Wednesday, October 05, 2011

God's Problem

This is the title of a recent book[1] by Bart D. Ehrman, a professor of religious studies at the University of North Carolina, Chapel Hill. It is an thorough presentation of the problem of suffering in the world as discussed in the Bible. It is also a personal statement by Dr. Ehrman on why he is an agnostic. He became an agnostic in response to the argument from evil against the existence of God.

This book is a very readable and excellent guide to what the Bible says about suffering, and points out that the answers are contradictory. Along the way, Dr. Ehrman points out the illogic of people who thank God for saving them when they are among the few saved in a disaster, when many others died at the same time. The obvious question is, "Why didn't He save them also?" or "Why did He allow the disaster in the first place?"

I have discussed the problems of good and evil and theodicy in other posts, so won't repeat the discussion. My answer, rather than agnosticism or atheism, was to decide that God was not omnipotent. [My thirty years of agnosticism were due to logical, philosophical issues not the problem of evil.]

Dr. Ehrman's presentation of the problem of evil is excellent. I think his attempted resolution is a bit weak, but then many would say my resolution leads to a God that is not worth worshipping. (Actually, I can't say as I worship God so much as revere, respect, and listen to Him.)

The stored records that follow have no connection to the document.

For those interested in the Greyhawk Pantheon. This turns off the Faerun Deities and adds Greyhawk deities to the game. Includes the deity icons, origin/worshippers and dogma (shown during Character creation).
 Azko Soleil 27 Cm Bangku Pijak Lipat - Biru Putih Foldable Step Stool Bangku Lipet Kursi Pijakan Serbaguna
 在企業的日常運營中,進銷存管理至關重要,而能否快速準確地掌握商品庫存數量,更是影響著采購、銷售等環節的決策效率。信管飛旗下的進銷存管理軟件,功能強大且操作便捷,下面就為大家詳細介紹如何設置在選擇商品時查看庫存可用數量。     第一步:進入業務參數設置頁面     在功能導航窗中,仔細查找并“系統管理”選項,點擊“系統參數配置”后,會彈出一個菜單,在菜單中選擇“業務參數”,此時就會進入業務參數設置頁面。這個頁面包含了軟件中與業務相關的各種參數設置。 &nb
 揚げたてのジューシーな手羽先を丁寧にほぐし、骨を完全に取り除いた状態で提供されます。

For anyone concerned with the theodicy, this is an important book. It presents all the sides of the issue, and all of the answers that have been offered. I strongly recommend it.

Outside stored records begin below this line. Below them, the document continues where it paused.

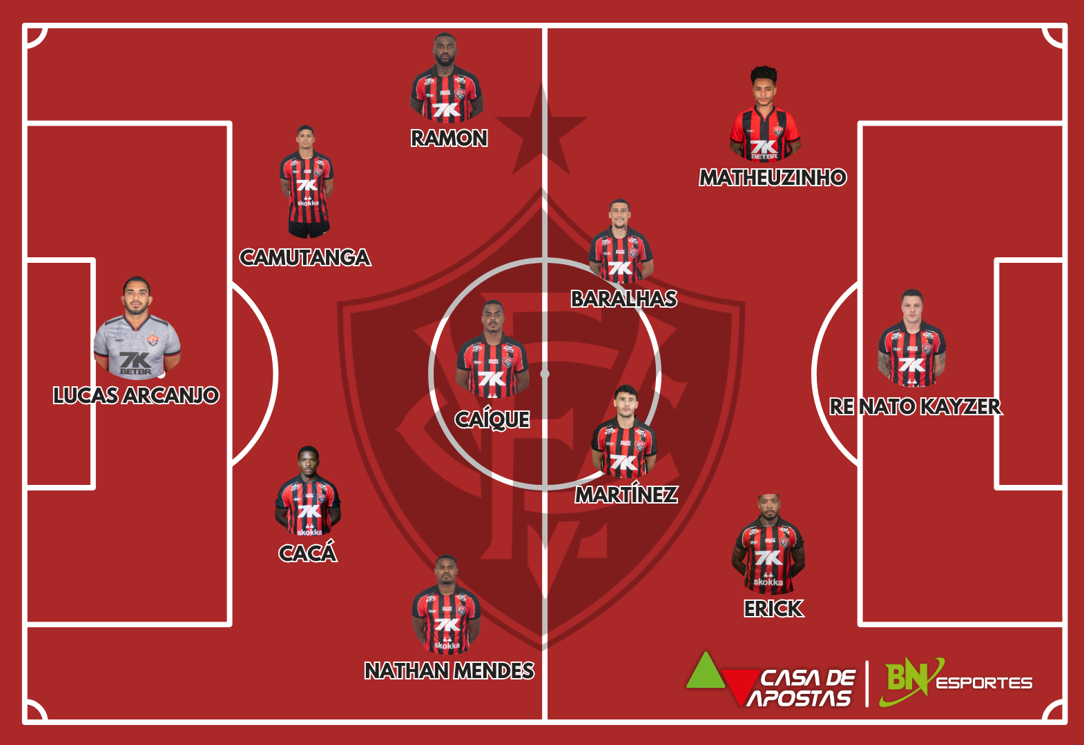 Vitória: Lucas Arcanjo; Nathan Mendes, Camutanga, Cacá e Ramon; Caíque Gonçalves, Gabriel Baralhas e Martínez; Erick, Matheuzinho e Renato Kayzer. Técnico: Jair Ventura.
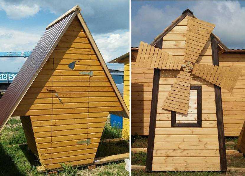 На замену классическим прямоугольным туалетам дачники всё чаще предпочитают ставить простые, но достаточно оригинальные конструкции треугольной и трапециевидной формы. Так называемые туалеты-шалаши установлены и успешно обслуживают владельцев многих фазенд
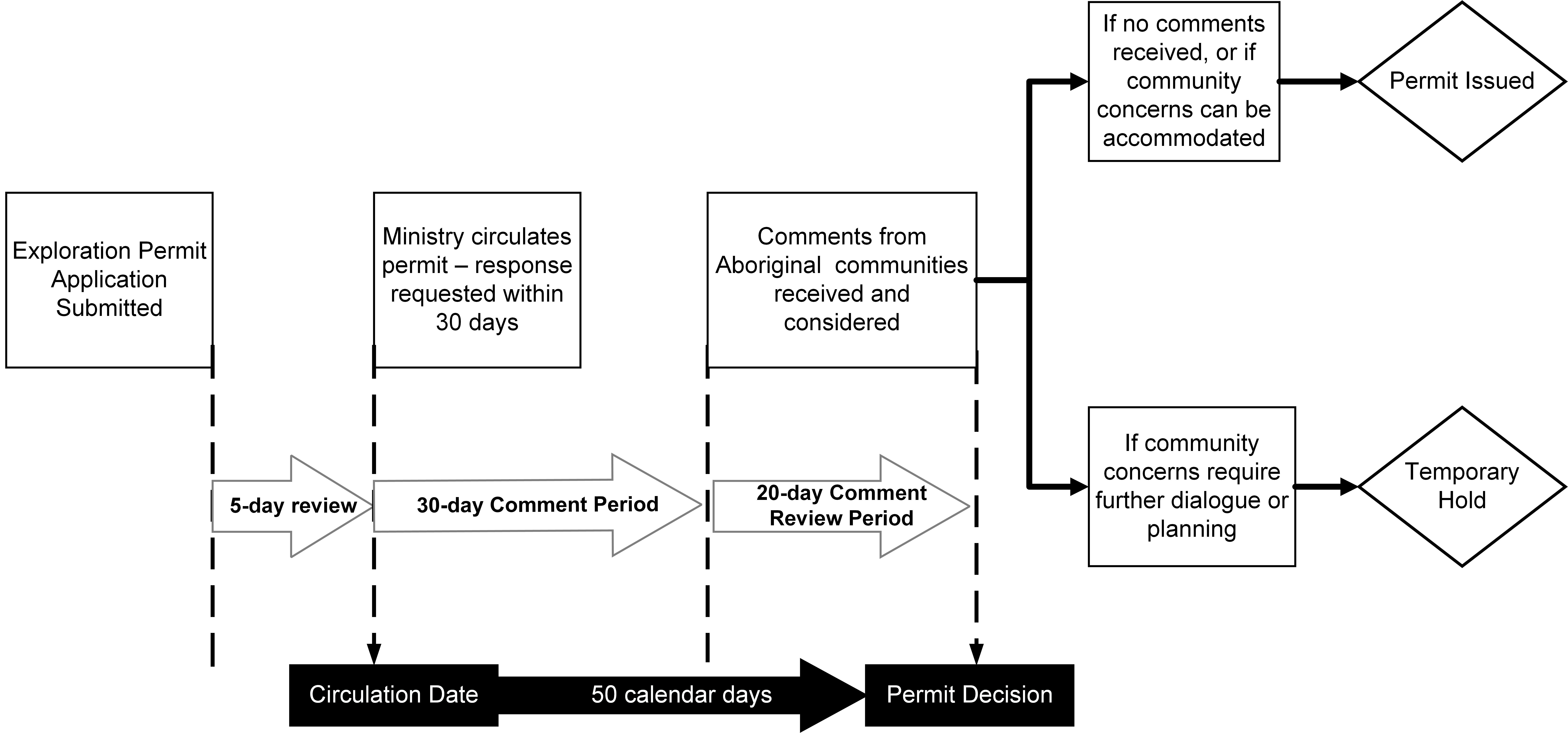 - communities are asked to inform the ministry of concerns they may have about potential adverse effects to Aboriginal or treaty rights within 30 days of circulating the Exploration Permit Application
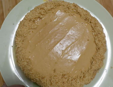Бока и края торта обсыпьте крошкой. Сверху можете нанести растопленный шоколад из кондитерского мешка. Поставьте торт в холодильник на ночь для пропитки. На следующий день подайте торт Коровка с вареной сгущенкой и арахисом к столу. Приятного аппетита!
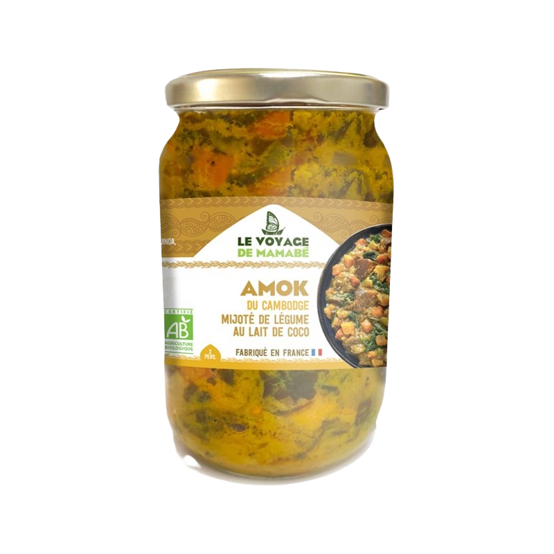 Légumes* (67%) (dont aubergine*, carotte*, patate douce*, chou-fleur*, épinard*, oignon*), lait de coco* (19%) (dont noix de coco*, eau), huile dolive*, épices et aromates*, tamari* (eau, fèves de soja* (37%), sel, alcool*, A.oryzae), huile de tournesol*, citronnelle*, gingembre*, vinaigre dalcool*, sel, combava*. *Produit issu de lagriculture biologique
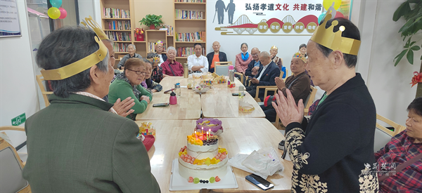 9月25日,社區(qū)頤養(yǎng)中心內(nèi)歡聲笑語、暖意融融,一場“溫情歲月,共享生辰”季度長者生日會在此舉行。社區(qū)“鶴耋安”高齡獨居老人與老年居民齊聚一堂,共度歡樂時光。
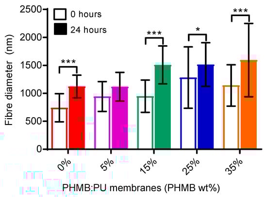 Fibre diameters (nm) of electrospun PHMB:PU membranes. Samples included untreated membranes (0 h) and membranes after immersion in PBS for 24 h. N = 20–50, taken from three different areas of material imaged with SEM. Error bars describe the standard deviation from the mean. * signifies a significant percentage change after immersing samples in PBS (* for p < 0.05; *** for p < 0.0001).

[1] Bart D. Ehrman, God's Problem: How the Bible Fails to Answer Our Most Important Question--Why We Suffer, HarperCollins, New York, 2008

Saturday, October 01, 2011

The Cobra

This is the title of Fredrick Forsyth's latest book, published last year. This time instead of international politics, warfare, or terrorism, he tackles the drug trade, specifically the cocaine trade. As always, he uses a story to tell us some unpleasant truths about the real world. What makes him a master at this is that the story is always primary and the message almost incidental. In telling about the world as it really is, or as he perceives it for you post-modernists out there, he illustrates some important truths that would be ignored otherwise.

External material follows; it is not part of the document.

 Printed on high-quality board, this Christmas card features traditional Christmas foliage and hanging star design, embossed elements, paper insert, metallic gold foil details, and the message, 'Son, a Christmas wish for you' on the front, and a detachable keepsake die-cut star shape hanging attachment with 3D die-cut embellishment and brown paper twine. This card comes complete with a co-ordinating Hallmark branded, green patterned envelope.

Forsyth uses the President of the US as the means to start and end his story. The beginning sketch certainly resembles the current occupant of the White House, but I seriously doubt he has the fortitude to make the decisions that lead to the action in the book. His Chief of Staff has a certain similarity to Emmanual Rohm, in his personality.

The plot is one of the President providing the means, legal and financial, via declaring drug trafficking to be a form of terrorism and burying the funding in other budgets, to allow a no-holds-barred approach to stopping the cocaine trade. Entire our central character, The Cobra. The Cobra creates and executes a plan that brings the drug cartel and its clients into a destructive war with each other.

This is all under the covers until the war breaks out. It is here that Forsyth provides the unpleasant truths about our society and our politicians--when we see the actual carnage, we will do anything to make it go away, including letting the drug traffic continue.

In the Penquin Signet Edition (paperback) pp 375-379 have the punch line. Here is the one-line summary from p 378:
"Our great nation can kill up to a million abroad, but not one percent of that figure of its own gangsters without sustaining a fainting fit."

Unfortunately, from my perspective it is all too true. We get what we ask for.